§ Required work
Restate the entries below in full, exactly as they read, but without pictures.

§ Data in this exercise
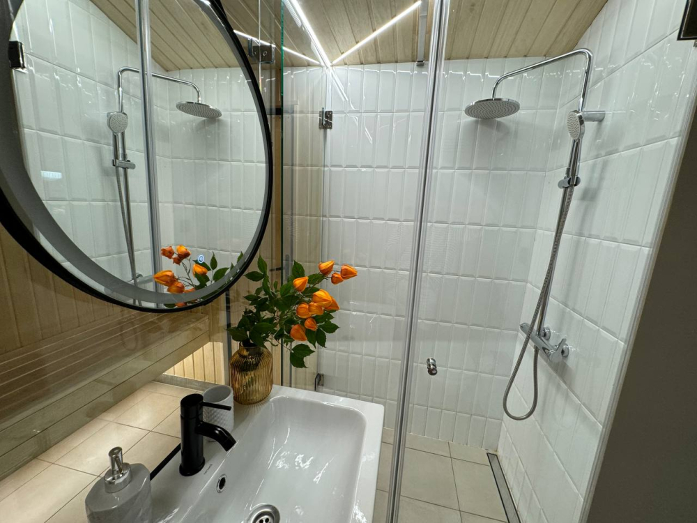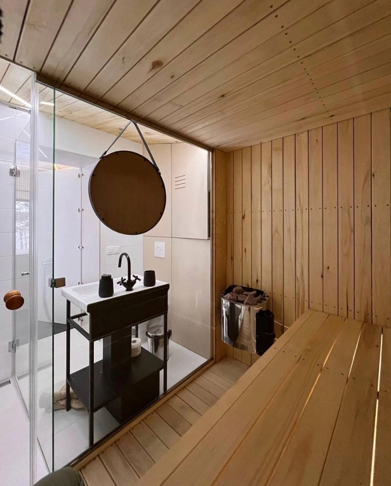 - Финская сауна с гималайской солью и яшмой для релаксации (оплачивается отдельно: 1000 руб. за 2 часа).
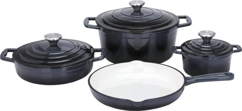 KOCH SYSTEME XANTEN, 7 részes kiváló minőségű zománcozott öntöttvas edény készlet. 4 mm anyagvastagság. Fehér zománcozott belsővel a könnyebb karbantartásért és tisztán tartás érdekében. Hosszan tartó hőhatás. Ideális sütésre, főzésre és akár tálalásra is. Sütőben is használható. Minden főzőfelületre: indukciós, kerámia, gáz, elektromos. PronamelPlus te
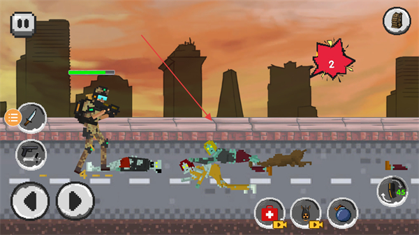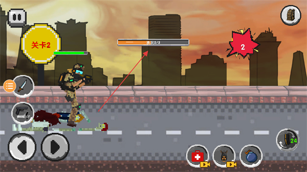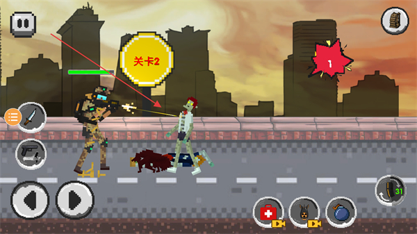 1、在关卡2中用冲锋枪射击僵尸,配合道具清理敌人,推进战斗。
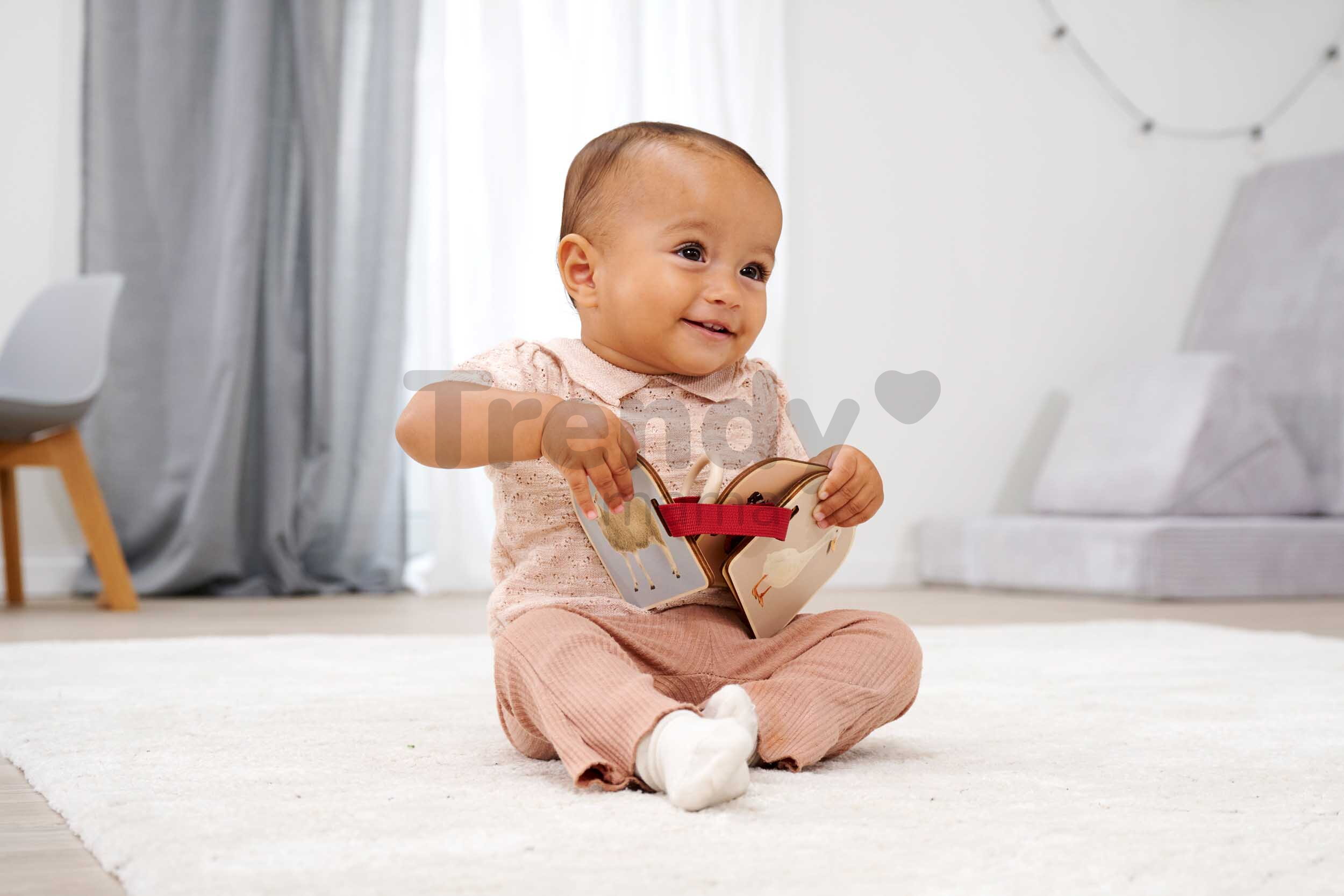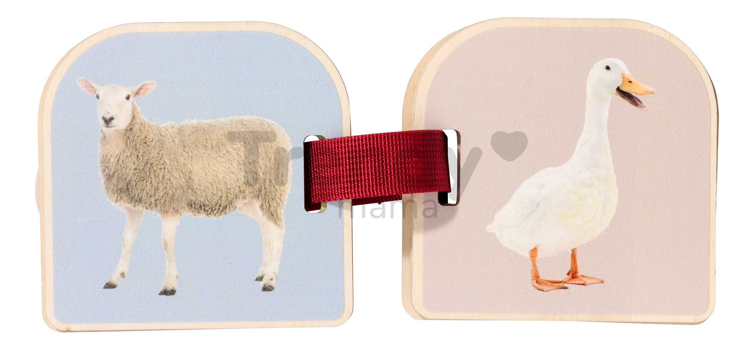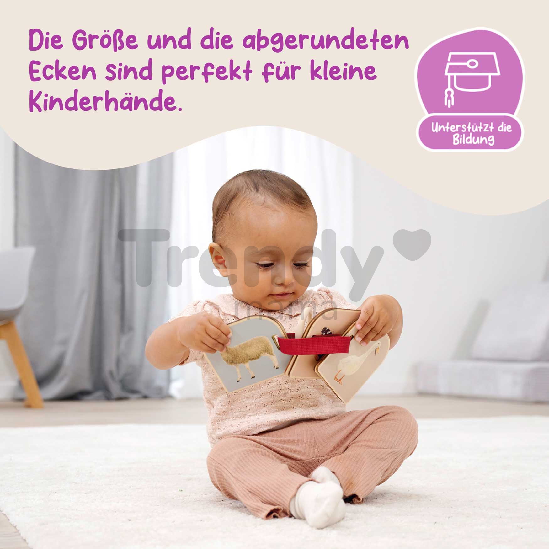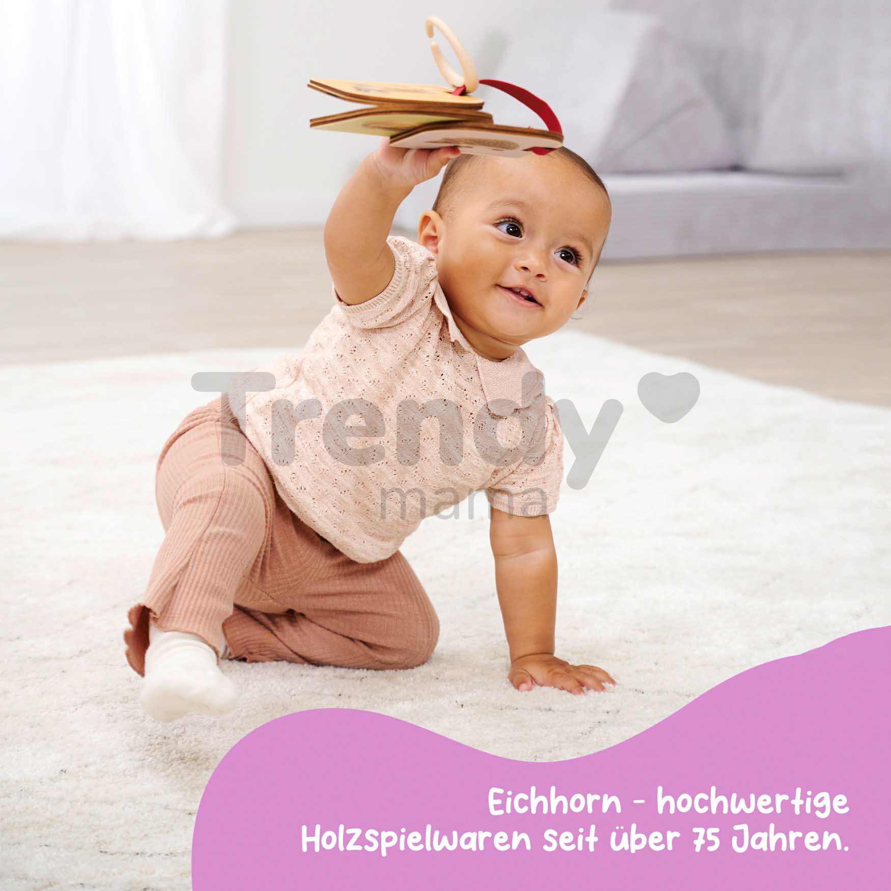 Kvalitní dřevěné hračky Montessori od německé značky Eichhorn. Dřevěná obrázková knížka s upevněním na kočárek okouzlí miminka od 12 měsíců s obrázky zvířátek.
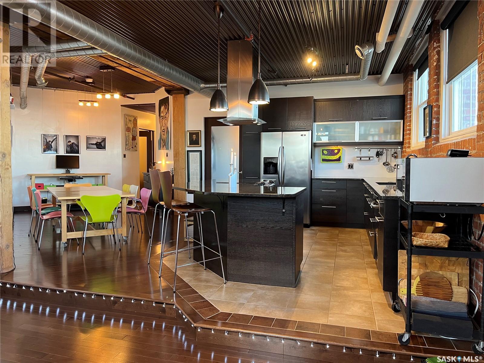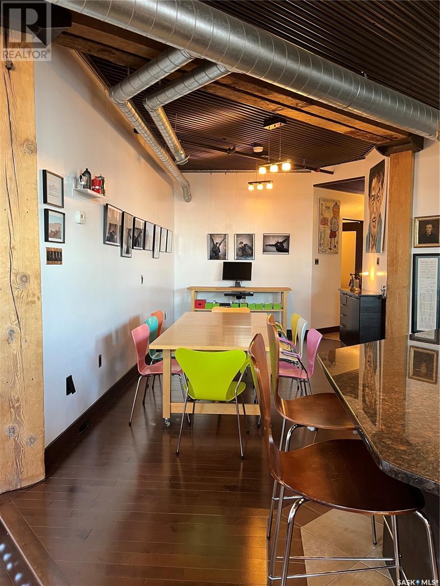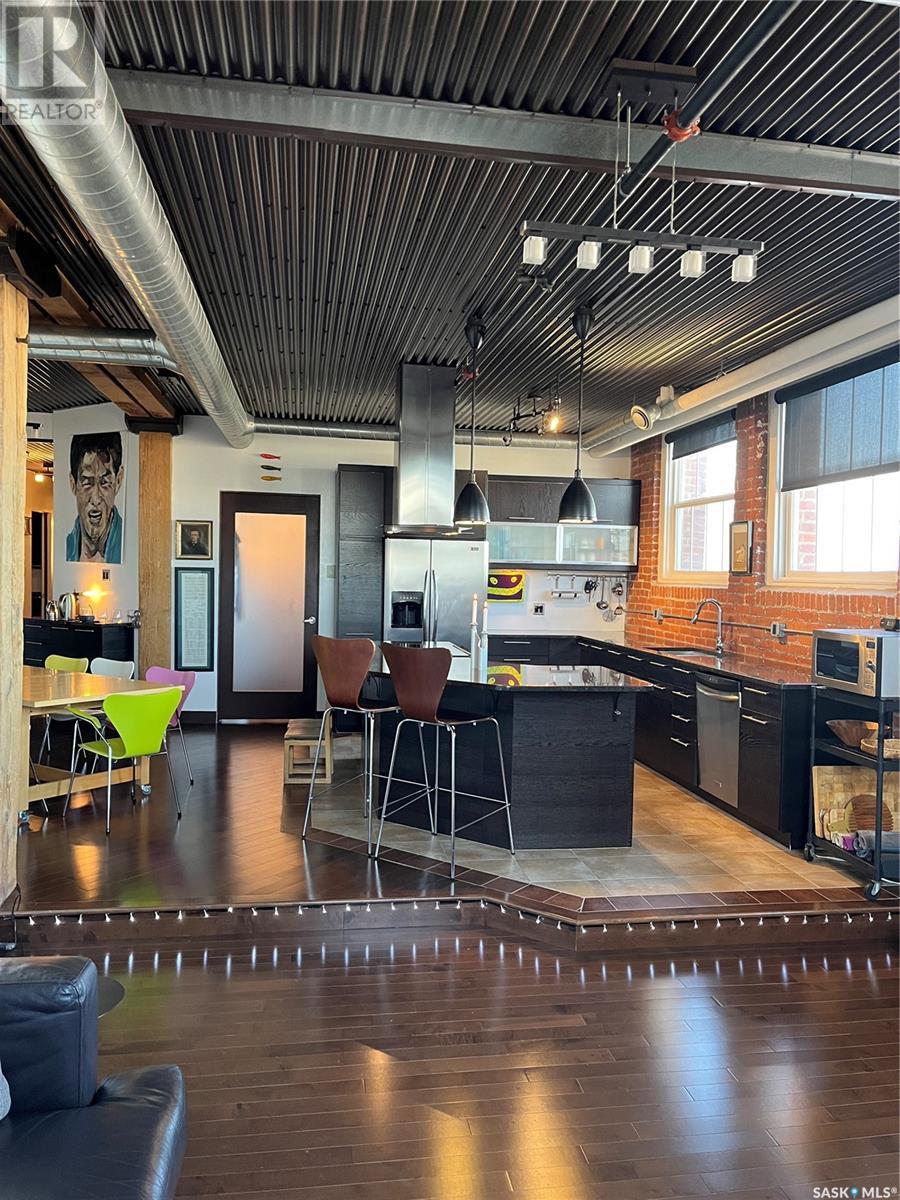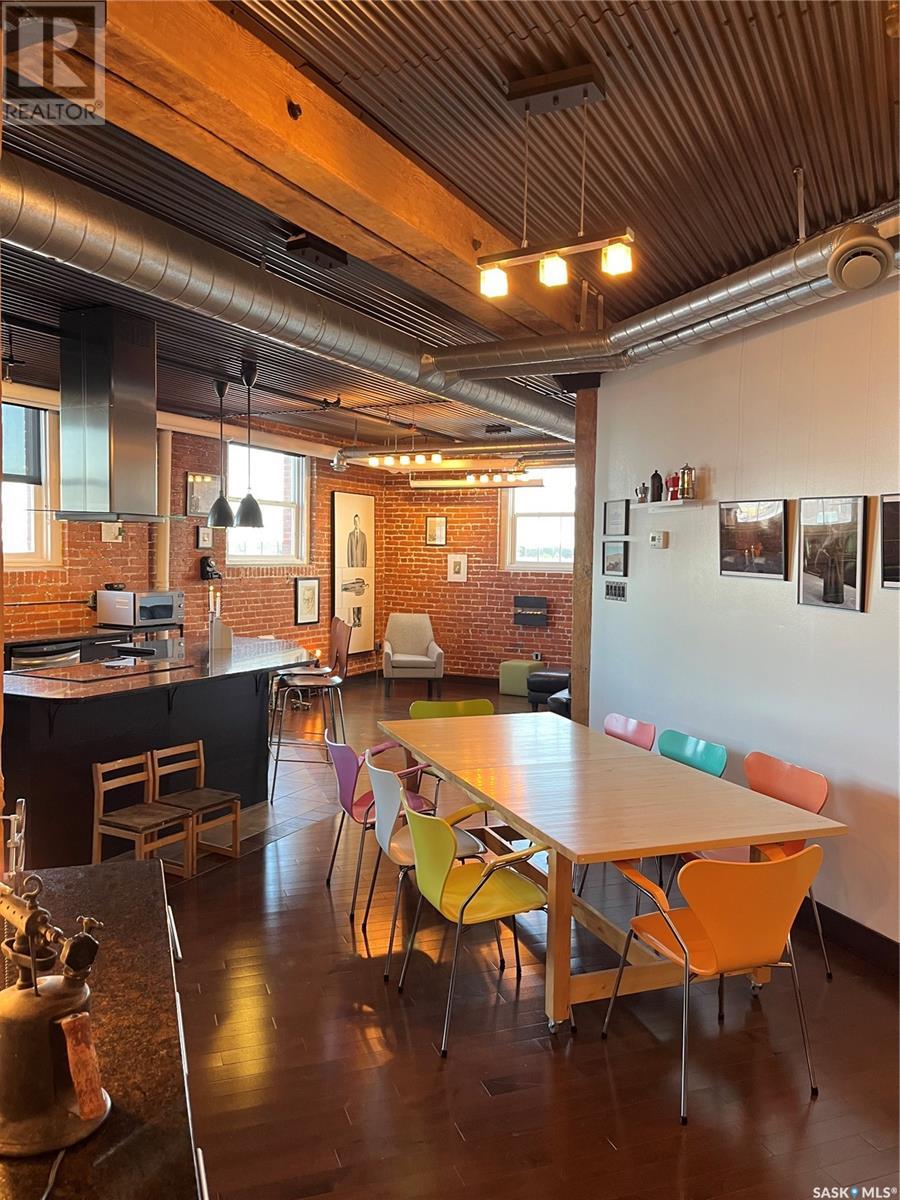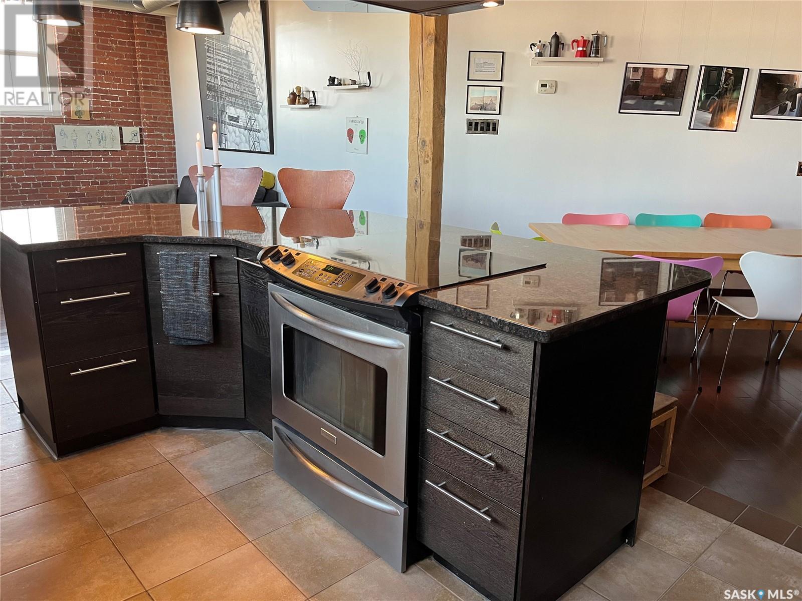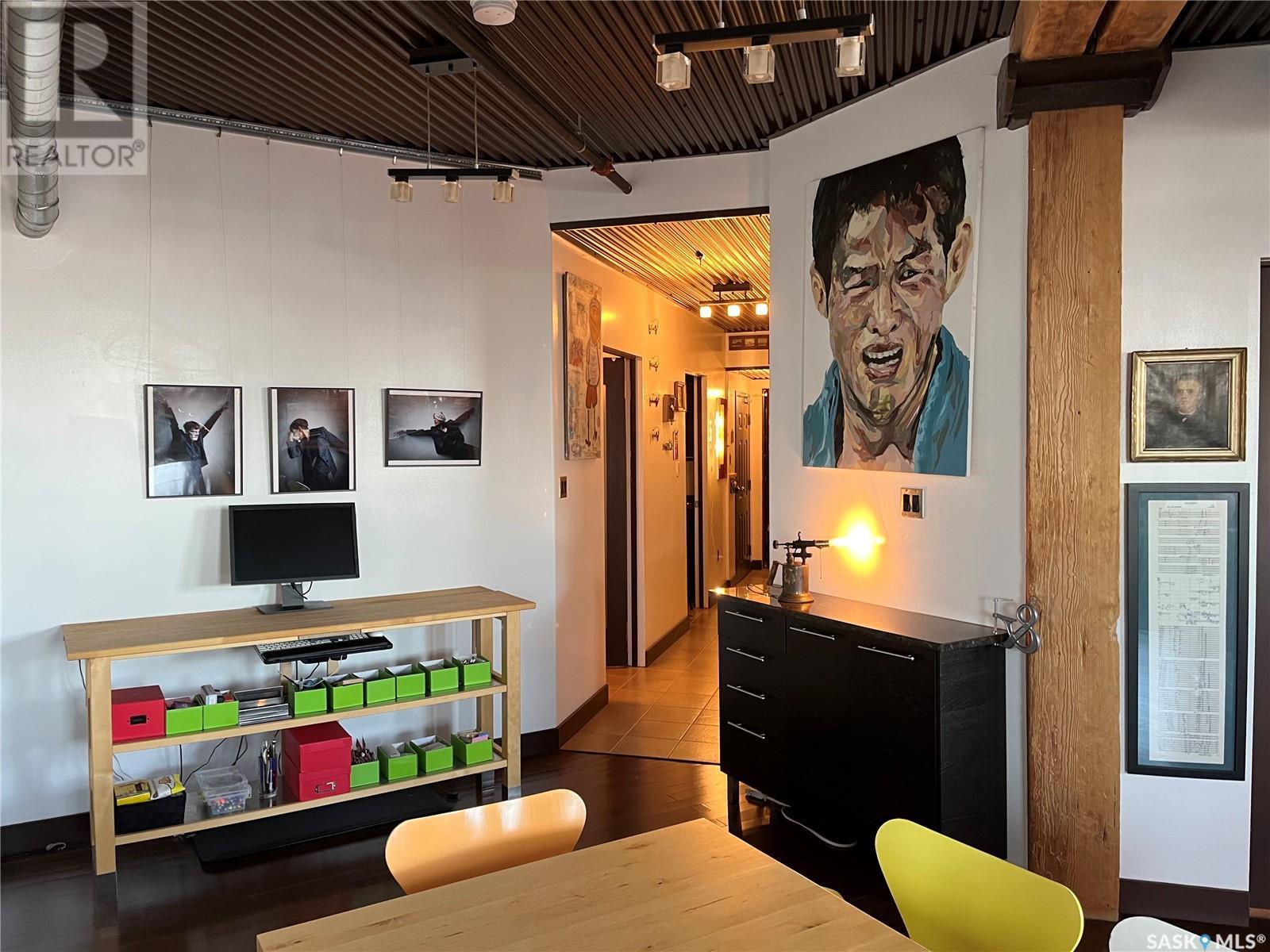 New York style and class right here in Regina. Beautiful south east corner warehouse loft condo in the Brownstone Plaza. Warehouse loft character exposed brick, post and beam. 1 bedroom with newly updated 3piece en-suite bathroom, large 4 piece main bathroom with bubble tub. In floor heat in kitchen and main bathroom. Large laundry/storage room, plus large in unit storage/office with separate entrance. Gated lot parking stall with electric gate opener. Condo fees include water, sewer, heat, exterior building maintenance, interior common maintenance, elevator, intercom, common insurance, and reserve fund. $339,900 Carefree living in Regina’s up and coming Warehouse District. (id:22211)

§ Completed task
 - Финская сауна с гималайской солью и яшмой для релаксации (оплачивается отдельно: 1000 руб. за 2 часа).
 KOCH SYSTEME XANTEN, 7 részes kiváló minőségű zománcozott öntöttvas edény készlet. 4 mm anyagvastagság. Fehér zománcozott belsővel a könnyebb karbantartásért és tisztán tartás érdekében. Hosszan tartó hőhatás. Ideális sütésre, főzésre és akár tálalásra is. Sütőben is használható. Minden főzőfelületre: indukciós, kerámia, gáz, elektromos. PronamelPlus te
 1、在关卡2中用冲锋枪射击僵尸,配合道具清理敌人,推进战斗。
 Kvalitní dřevěné hračky Montessori od německé značky Eichhorn. Dřevěná obrázková knížka s upevněním na kočárek okouzlí miminka od 12 měsíců s obrázky zvířátek.
 New York style and class right here in Regina. Beautiful south east corner warehouse loft condo in the Brownstone Plaza. Warehouse loft character exposed brick, post and beam. 1 bedroom with newly updated 3piece en-suite bathroom, large 4 piece main bathroom with bubble tub. In floor heat in kitchen and main bathroom. Large laundry/storage room, plus large in unit storage/office with separate entrance. Gated lot parking stall with electric gate opener. Condo fees include water, sewer, heat, exterior building maintenance, interior common maintenance, elevator, intercom, common insurance, and reserve fund. $339,900 Carefree living in Regina’s up and coming Warehouse District. (id:22211)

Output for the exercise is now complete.